BRACK: Gwinnett school bus system is 3rd largest in the nation

By Elliott Brack, editor and publisher  |   Each school day, over 1,600 Gwinnett School buses transport 130,000 students twice a day. The Gwinnett system is the third largest transporter of students in the country.  Their daily trip total is like driving 30 round trips to Los Angeles each day.

15.elliottbrackDanny Jardine, chief operations officer, adds another way to look at it: “Like driving to the moon and back every four days.”

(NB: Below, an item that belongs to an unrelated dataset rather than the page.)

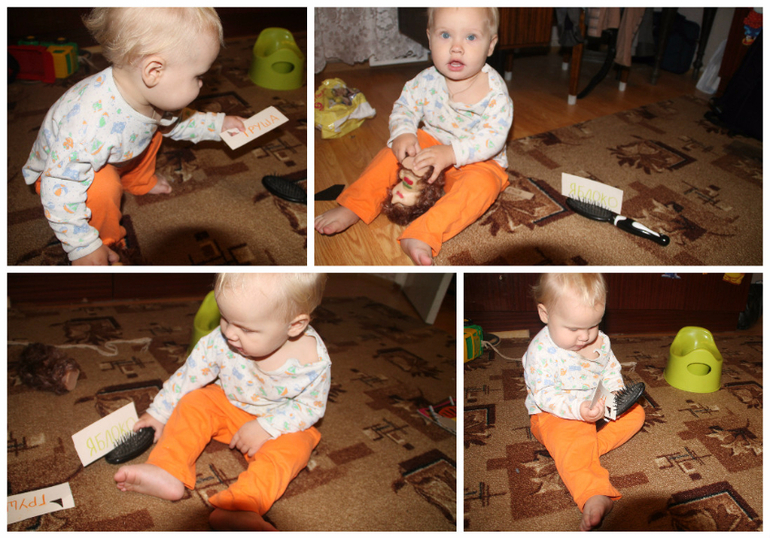Небольшие словечки появляются, но медленно. "Ахххх" = цветы, "ах как красиво!"; изображает звук трамвая и паровоза - тысь, тысь (точнее, тъсь, тъсь). Много обезьянничает, иногда пробует "на язык" новые слова, пытается повторить. Но пока активно использует очень немного. "Любимые" согласные - по-прежнему "д" и "т", гласная - "а", поэтому все новые "слова" звучат как дада, тата, дядя, тятя и т. п...

This year as the 1,655 drivers gathered before school started at Hebron Baptist Church for a State Department of Education mandated driver seminar, two drivers were surprised, when they were chosen from among the many drivers who had no accidents last year.  Each was to receive a new school bus to drive. In effect, Gwinnett school bus drivers are safe drivers. Usually 96 percent of the bus drivers complete the school year without an accident.

Allen

Allen

One of these drivers who got a new bus is Sonya Allen, who drives a special education bus to Ferguson Elementary and Berkmar High Schools, making two round trips daily. The other is Julie Radford, who makes three round trips a day in the Grayson area, hauling students of Starling Elementary, Couch Middle, and Grayson High Schools.

Soon after getting her new bus, however, Sonya Allen was T-boned by a driver who was “flying down Carter Drive as I approached Berkmar High on Pleasant Hill Road and ran right into the side of my bus full speed,” she says. She had five kids on the bus, “but they were higher on the bus than his car was and the kids weren’t hurt. That’s the first thing I  thought about.”  The other driver was charged in the incident.

Allen, who lives in Stone Mountain since she was small, is originally from Toombs County, has been driving a bus for 10 years. “It was my first accident. I’ve never caused one.” She likes driving, and enjoys the parents of the kids she drives. Each day she leaves her home about 5 a.m. and finishes about 8:30 a.m. She returns to pick up the elementary kids at 1:50 p.m., and finishes her driving about 4:15 p.m. “This work gives me time to do some things in the middle of the day.  Sometimes I take a nap at home.”

Radford

Radford

Ironically, though promised, Julie Radford hasn’t seen a new bus yet. Officials say her new bus is expected here “soon.” Radford is originally from St. Louis, Mo. She and her husband live between Lawrenceville and Grayson. She was told by a neighbor about a job driving a bus route. “I like the flexibility of it. And I can be with my daughters, Emily and Ava, all the time before I drop them off at school, instead of having them in day care. We leave just before 6 a.m., and I’m done about 9:20 a.m. Then I go back to driving at 1:30 p.m., and home about 5:20 p.m.

Radford drives defensively. “My eyes are always looking everywhere to try and predict what drivers might do. One guy would have T-boned me the other day on Pinehurst Road, for he was going too fast, and though it was my turn to go, I didn’t. He ran right in front of me. You have to drive defensively all the time.”

Congratulations not only to Sonya Allen and Julie Radford, but to all those drivers who safely look after Gwinnett students on their routes each day.